Harrington v. Housing Authority of Riverside County

CourtCalifornia Court of Appeal
DecidedMarch 4, 2026
DocketE084672
StatusPublished

This text of Harrington v. Housing Authority of Riverside County (Harrington v. Housing Authority of Riverside County) is published on Counsel Stack Legal Research, covering California Court of Appeal primary law. Counsel Stack provides free access to over 12 million legal documents including statutes, case law, regulations, and constitutions.

Bluebook
Harrington v. Housing Authority of Riverside County, (Cal. Ct. App. 2026).

Opinion

Filed 3/4/26 CERTIFIED FOR PUBLICATION

IN THE COURT OF APPEAL OF THE STATE OF CALIFORNIA

FOURTH APPELLATE DISTRICT

DIVISION TWO

SHEVON HARRINGTON,

Plaintiff and Appellant, E084672

v. (Super.Ct.No. CVSW2307829)

HOUSING AUTHORITY OF OPINION RIVERSIDE COUNTY,

Defendant and Respondent.

APPEAL from the Superior Court of Riverside County. Angel M. Bermudez,

Judge. Reversed with directions.

Shevon Harrington, in pro. per., for Plaintiff and Appellant.

Cole Huber, David G. Ritchie and Tyler J. Sherman for Defendant and

Respondent.

INTRODUCTION

Shevon Harrington appeals from a judgment denying her petition for writ of

administrative mandamus (Code Civ. Proc., § 1094.5) seeking to overturn the Housing

Authority of Riverside County’s (the HA) decision to terminate her Section 8 financial

1 assistance (42 U.S.C. § 1437f et seq.).1 In supplemental briefs filed at our direction,

Harrington contends that the trial court misunderstood the scope of judicial review under

section 1094.5 and that the findings the hearing officer made at Harrington’s

administrative hearing are not supported by the evidence. (§ 1094.5, subd. (b).) We

agree.

The HA provided Harrington with a notice of its intent to terminate her financial

assistance and informed her of her right to request an administrative hearing. Following

that hearing, the hearing officer issued a written decision concluding that termination was

mandatory under the Section 8 federal regulations, because Harrington had been evicted

from her apartment and the unlawful detainer judgment was upheld on appeal. In fact,

Harrington’s appeal of the unlawful detainer judgment was pending at the time of the

hearing and, shortly after she filed her writ petition in the trial court, the appellate

division of the Riverside County Superior Court reversed the judgment for insufficient

evidence.

In ruling on Harrington’s mandamus petition, the trial court correctly concluded

that the hearing officer’s findings were not supported by the record. However, the court

also concluded that the “independent judgment” standard authorized it to independently

determine whether the record supported any alternative grounds for termination. The

court found that Harrington had violated three of the “family obligations” set out in the

1 Unlabeled statutory citations refer to the Code of Civil Procedure.

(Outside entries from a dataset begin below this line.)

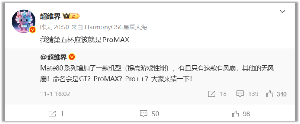 数码博主超维界表示,华为Mate 80的第五款机型可能命名为Pro Max版本,它将是唯一配备最新散热解决方案的机型,提高游戏性能。
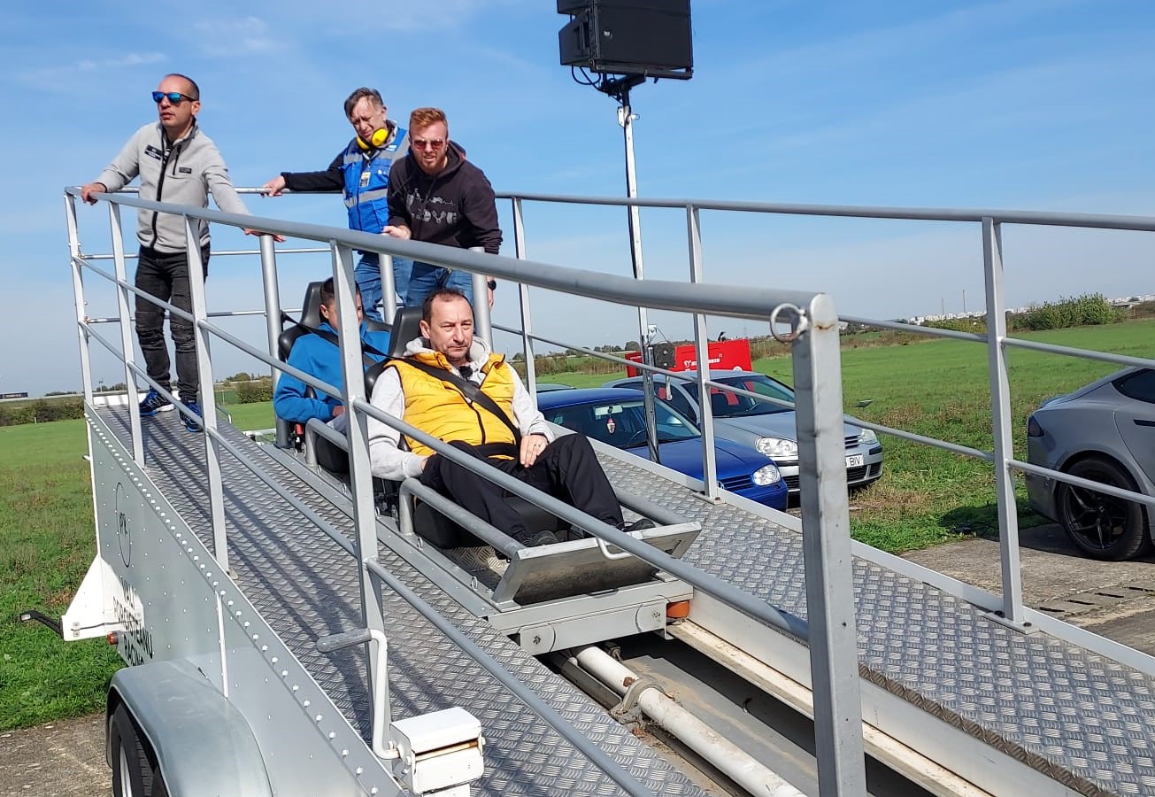 V.P.: Pentru două persoane, prinse binențeles cu centura de siguranță, se simulează un impact la viteza de 15 km/h. Când realizează oamenii cât de tare sunt zdruncinați la această viteză mica, îi cam pune pe gânduri. Își dau seama ce ar putea să pățească la o viteză mai mare. Dar pentru că nu e ușor să ne deplasăm cu acest simulator și cu tot ce mai avem, lucrăm de obicei cu firme, care vor să-și instruiască angajații. De altfel noi instruim cam tot ceea ce ține de patru roți, pregătim inclusiv piloți de raliuri, prin școala de pilotaj care îmi poartă numele.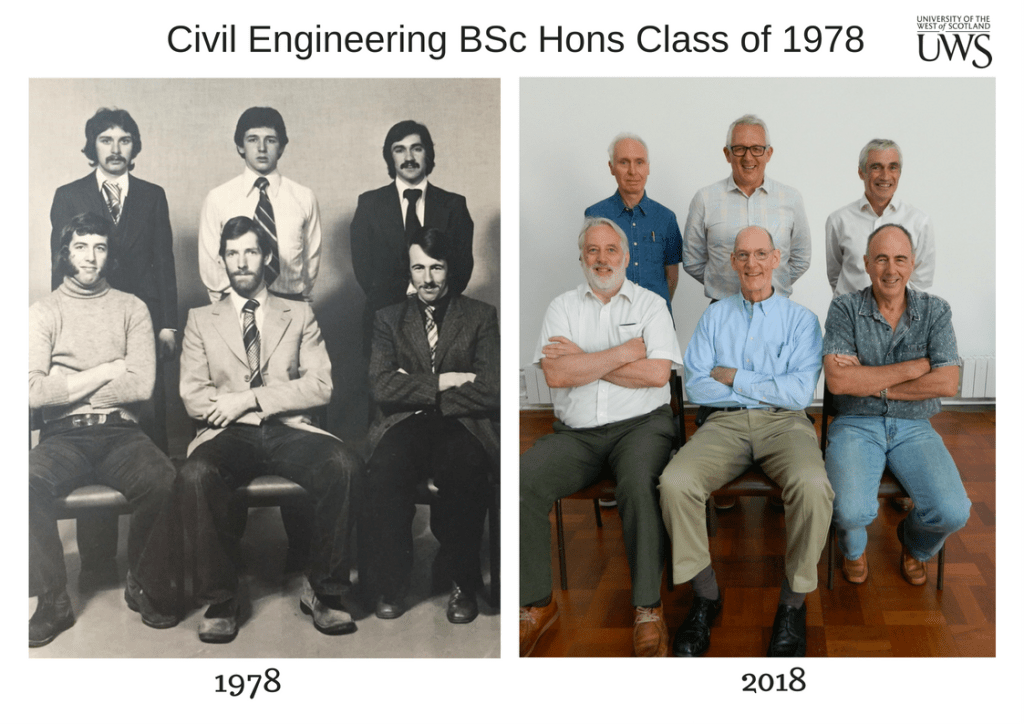 Almost 40 years to the day the BSc Hons Civil Engineering class of 1978 met again for the first time since graduation in Paisley on 7th July 1978. The full class of six were joined by former staff members Professor Ian MacLeod who was head of civil engineering, and Bob Hardy who was the senior lecturer of the Structures Group to celebrate 40 years since graduating.

2 Section 8 regulations. On the basis of those findings, the court concluded that

discretionary termination was appropriate and upheld the HA’s decision.

We conclude that the court misunderstood the scope of judicial review because

section 1094.5 requires a determination of whether the agency’s factual findings, not its

ultimate decision, are supported by the record. (§ 1094.5, subd. (b).) The HA concedes

the error but argues that we can affirm the judgment on the additional violations found by

the trial court. However, because those violations were not at issue during the

administrative hearing, they cannot provide a basis for affirming the HA’s decision. We

therefore reverse.

BACKGROUND

A. Regulatory Background

Section 8 of the Housing and Community Development Act of 1974 (Section 8)

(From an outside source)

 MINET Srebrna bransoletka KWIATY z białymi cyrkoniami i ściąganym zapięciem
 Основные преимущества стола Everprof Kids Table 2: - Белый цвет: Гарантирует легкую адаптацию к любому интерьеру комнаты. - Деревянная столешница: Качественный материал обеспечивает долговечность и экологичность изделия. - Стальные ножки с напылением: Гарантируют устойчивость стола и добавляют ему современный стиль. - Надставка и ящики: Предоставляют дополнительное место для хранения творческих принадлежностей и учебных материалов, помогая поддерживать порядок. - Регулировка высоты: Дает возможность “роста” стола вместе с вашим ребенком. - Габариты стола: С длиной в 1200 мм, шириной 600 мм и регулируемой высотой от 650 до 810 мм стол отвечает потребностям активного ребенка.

(42 U.S.C. § 1437f et seq.) is “a federally funded and regulated program that provides

housing assistance to financially eligible families.” (Johnson v. Housing Authority of

City of Oakland (2019) 38 Cal.App.5th 603, 606 (Johnson).) The program is

administered and funded by the Department of Housing and Urban Development (HUD)

and operated on the local level by “public housing authorities” like the HA. (Morrison v.

Housing Authority of the City of Los Angeles Bd. of Comrs. (2003) 107 Cal.App.4th 860,

864, fn. 1.)

The Section 8 regulations, enacted by the HUD, “provide both mandatory and

discretionary grounds for termination from the program.” (Johnson, supra,

38 Cal.App.5th at p. 606, citing 24 C.F.R. § 982.552 (2019).) A public housing authority

3 must terminate a participant from the program if the participant has been evicted for

“serious or repeated” violations of his or her lease. (24 C.F.R. § 982.552(e) (2026).) A

public housing authority may terminate a participant from the program if the participant

has violated any one of the “family obligations” contained in the regulations. (24 C.F.R.

§ 982.552(c)(1)(i) (2026).) Those obligations include (1) submitting any information the

public housing authority requests as part of its annual or interim eligibility

“reexamination” process; (2) complying with the housing quality standards by preventing

damage to the unit beyond normal wear and tear; and (3) allowing the public housing

authority “to inspect the unit at reasonable times and after reasonable notice.” (24 C.F.R.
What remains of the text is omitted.